» WORK ITEM
The range runs from the line containing "Зажигалка ZIPPO Venetian®" to the last line of the entries. Copy that range exactly, omitting pictures.

» DATASET EXTRACT

==*==

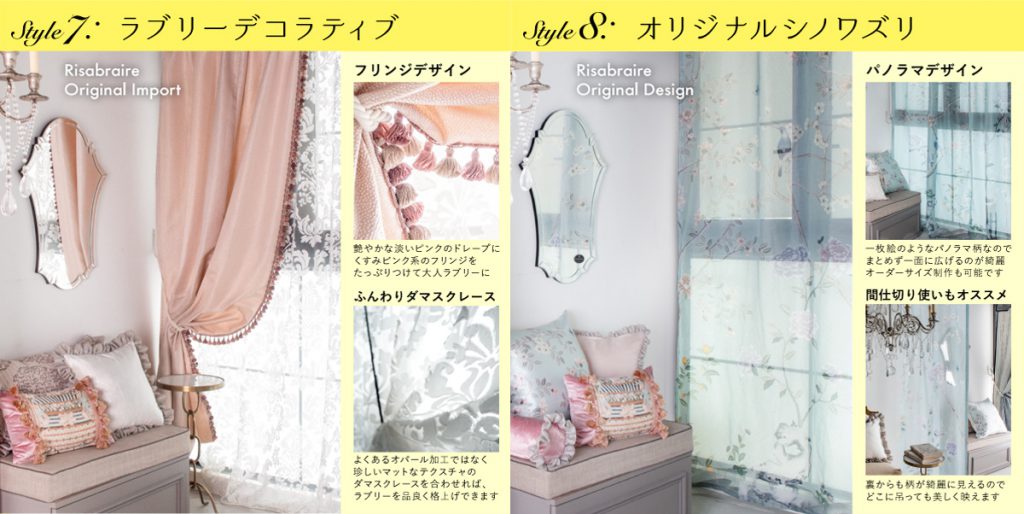 ご紹介するアイテムはカーテンやタッセル!オーダーメイドでもレディメイドでもない、私たちが生地をセレクト・デザイン。リサブレアのコーディネートと共にスタイリングをご紹介致します。
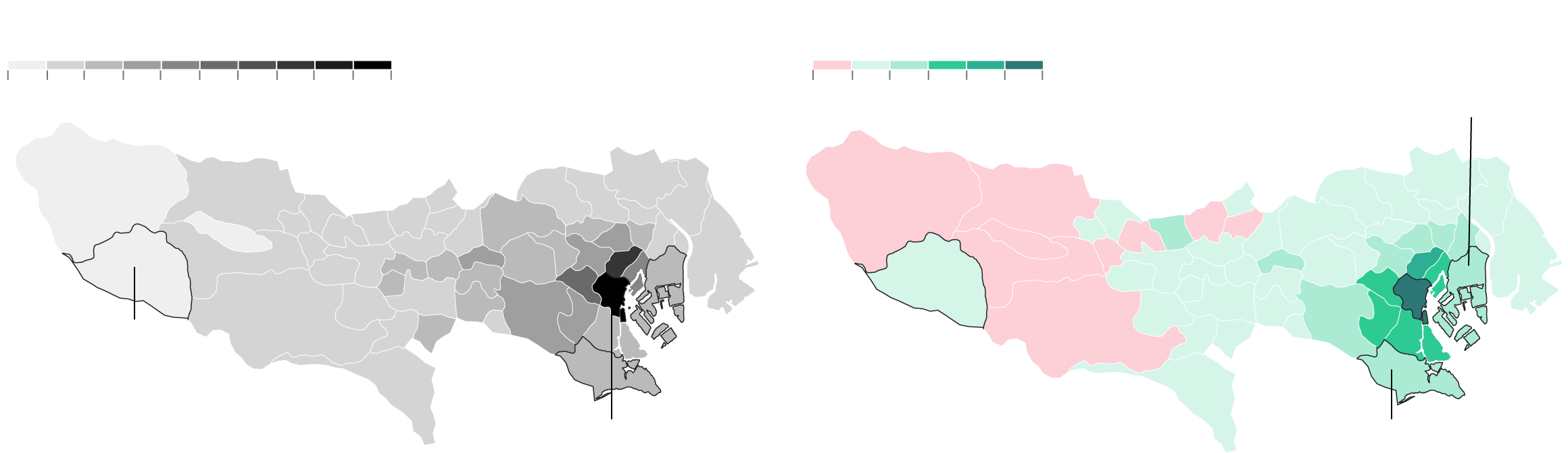Within Tokyo, the income disparity is getting worse, and it’s wider than the differences among individual prefectures.
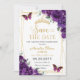 Sätt tonen för din speciella dag med detta fantastiska mörkt kungligt lila blomstermotiv "Spara datumet"-kort, perfekt för bröllop, Quinceañeras, Sweet 16-fester, Bat Mitzvahs, brudshower och mer. Med rika lila blommor, graciösa fjärilar, en chic guldgeometrisk ram och glänsande guldfärger fångar denna design modern elegans med en lyxig twist.
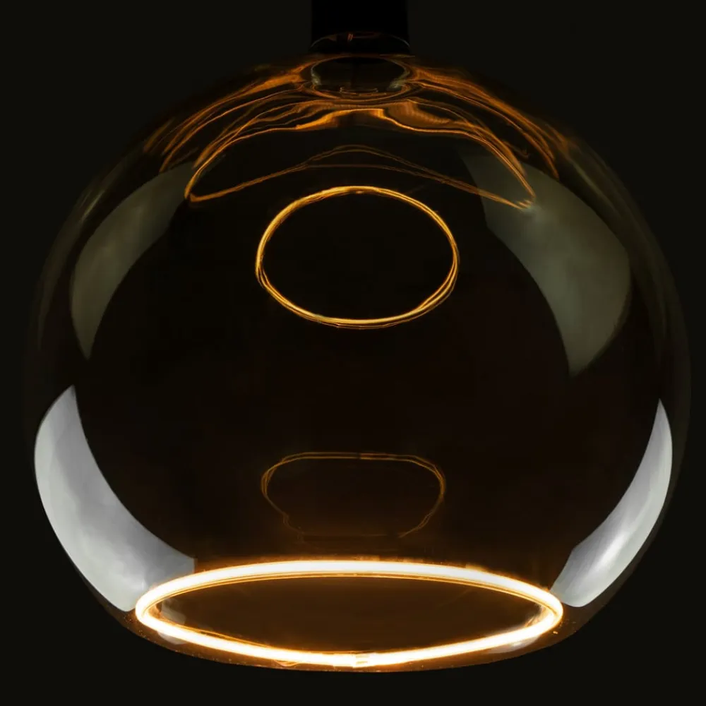 Med gråtonet glas, der er åbent i toppen – LED-kuglelampen Floating i G300, E27, 8 Watt Det røggrå glas, åbningen i toppen, den gyldne sokkel og den imponerende størrelse gør denne E27-kuglelampe fra Floating-serien til noget særligt. Den kommer helt uden skærm og opgraderer straks enkle armaturer. Med sit særligt hyggelige lys i varm hvid skaber den en behagelig stemning og kan også reguleres i lysstyrke. Floating-serien fra SEGULA er udstyret med et dobbeltvægget glas med en røget grå nuance og patenteret LED soft filament indbygget i det som en ring. Kan dæmpes med de fleste kommercielt tilgængelige lysdæmpere – Tildelt Plus X Award 2022/2023 i kategorierne Innovation, Høj kvalitet og Design
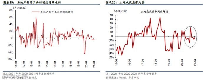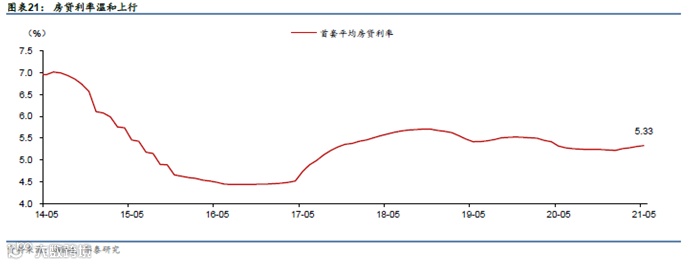 我们预计下半年房地产投资的增长势头可能减速至5%左右,明年2-3季度左右见底,主要是基于:1)从总需求的角度看,居民收入和收入预期回升环比最快的阶段可能已经过去;2)房地产投资的一系列领先指标明显走弱:房地产新开工面积增速从2020年底的6.3%下降至2021年4月的-5.4%(2020-2021复合增速),土地成交面积同比增速自去年7月以来连续负增长(仅12月除外,2021年取两年复合增长率),这意味着新开工面积同比增速可能进一步下降(图表19和20);此外,如果房地产市场预期走弱,开发商开工的周期也可能进一步延长。3)房贷利率开始温和上行——全国42城的首套房贷利率已连续4个月环比上升(图表21);4)持续的监管政策收紧导致房地产开发商的现金流承压,尤其是中小型开发商;5)相较土地成交而言,建安投资可能相对稳定,维持在个位数水平。
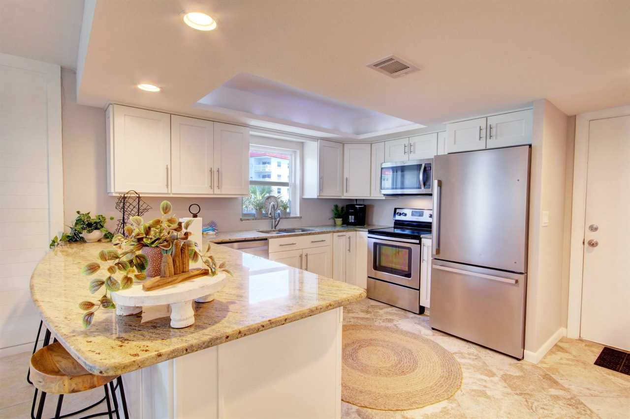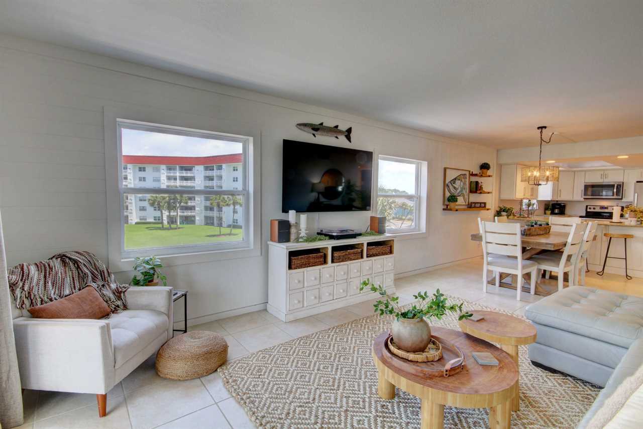 As you step inside, you'll be greeted by a warm and inviting ambiance, enhanced by the breathtaking views of the Gulf and the pool. The spacious living area is perfect for unwinding after a day of sun and sand, featuring a cozy seating arrangement and a record player with a collection of records for your enjoyment, adding a nostalgic touch to your stay.
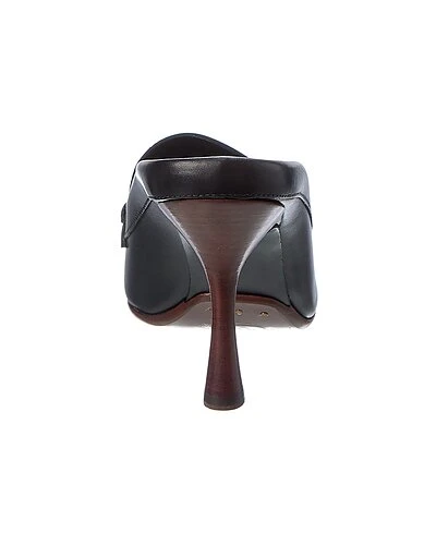 - Leather Mule in black leather with embossed logo and wooden heel
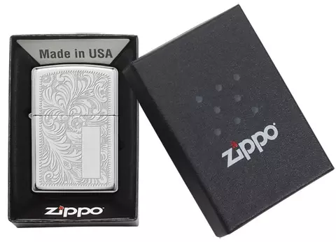 Зажигалка ZIPPO Venetian® с покрытием High Polish Chrome, латунь/сталь, серебристая, глянцевая, 36x12x56 мм
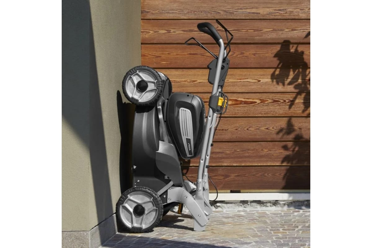 Препятствия в саду теперь тоже не проблема, ведь изделие оборудовано невероятно прочными алюминиевыми колпаками и рукояткой для переноски, а также защитой от повреждений спереди.
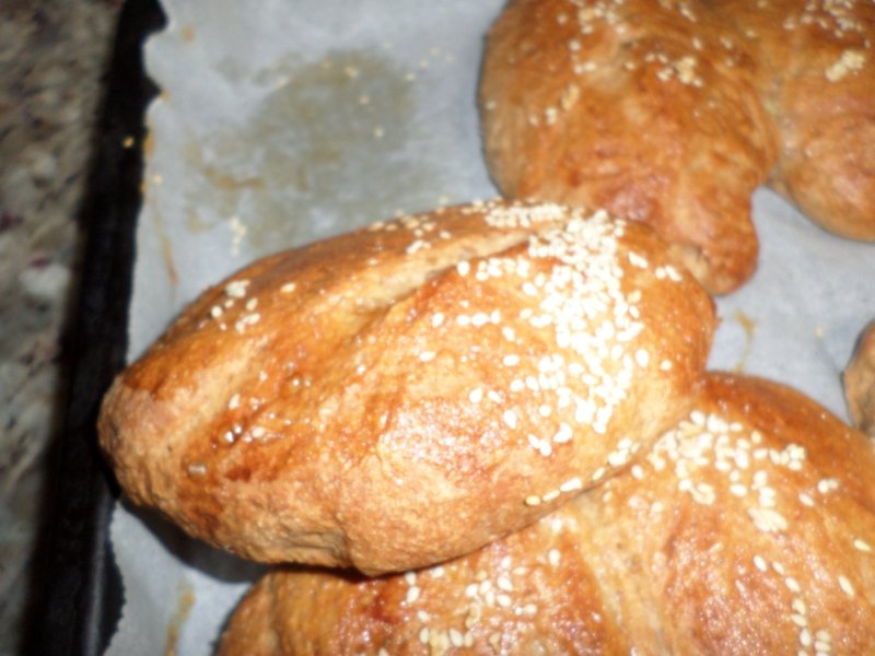 Impartim aluatul in 12 bucati si facem painicele dupa dorinta le punem la distanta unele de altele si mai lasam jumatate de ora sa creasca. Le ungem cu ou batut cu putina sare si presaram cu susan - nu este obligatoriu ou se pot stropi cu putina apa si presarat cu susan sau cenusca si tot e bine.
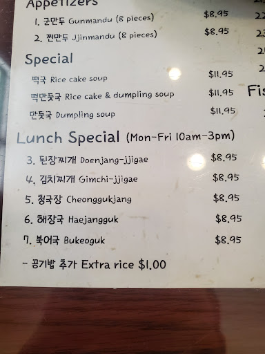 블로그에서 유명하고 평점 높아서 갔는데, 김치찌개는 돼지고기 2점 들어 가있고 한국보다 맛있다는 후기 있는데 그건 쫌 아닌듯함.. 돌솥비빔밥은 우리가 보통 생각하는 돌솥이 아님. 찐만두는 들깨들어가있어서 퍽퍽함. 미국에서 먹어본 한식당 중 최악이었음.
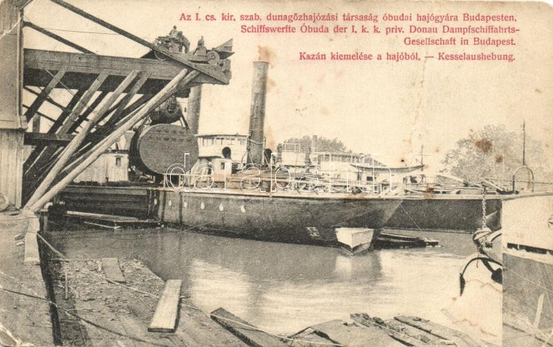 Budapest III. Óbuda, az Első Császári és Királyi Szabadalmazott Dunagőzhajózási Társaság óbudai hajógyára, Kazán kiemelése a hajóból (fa)

==*==

» TASK ANSWER
 Зажигалка ZIPPO Venetian® с покрытием High Polish Chrome, латунь/сталь, серебристая, глянцевая, 36x12x56 мм
 Препятствия в саду теперь тоже не проблема, ведь изделие оборудовано невероятно прочными алюминиевыми колпаками и рукояткой для переноски, а также защитой от повреждений спереди.
 Impartim aluatul in 12 bucati si facem painicele dupa dorinta le punem la distanta unele de altele si mai lasam jumatate de ora sa creasca. Le ungem cu ou batut cu putina sare si presaram cu susan - nu este obligatoriu ou se pot stropi cu putina apa si presarat cu susan sau cenusca si tot e bine.
 블로그에서 유명하고 평점 높아서 갔는데, 김치찌개는 돼지고기 2점 들어 가있고 한국보다 맛있다는 후기 있는데 그건 쫌 아닌듯함.. 돌솥비빔밥은 우리가 보통 생각하는 돌솥이 아님. 찐만두는 들깨들어가있어서 퍽퍽함. 미국에서 먹어본 한식당 중 최악이었음.
 Budapest III. Óbuda, az Első Császári és Királyi Szabadalmazott Dunagőzhajózási Társaság óbudai hajógyára, Kazán kiemelése a hajóból (fa)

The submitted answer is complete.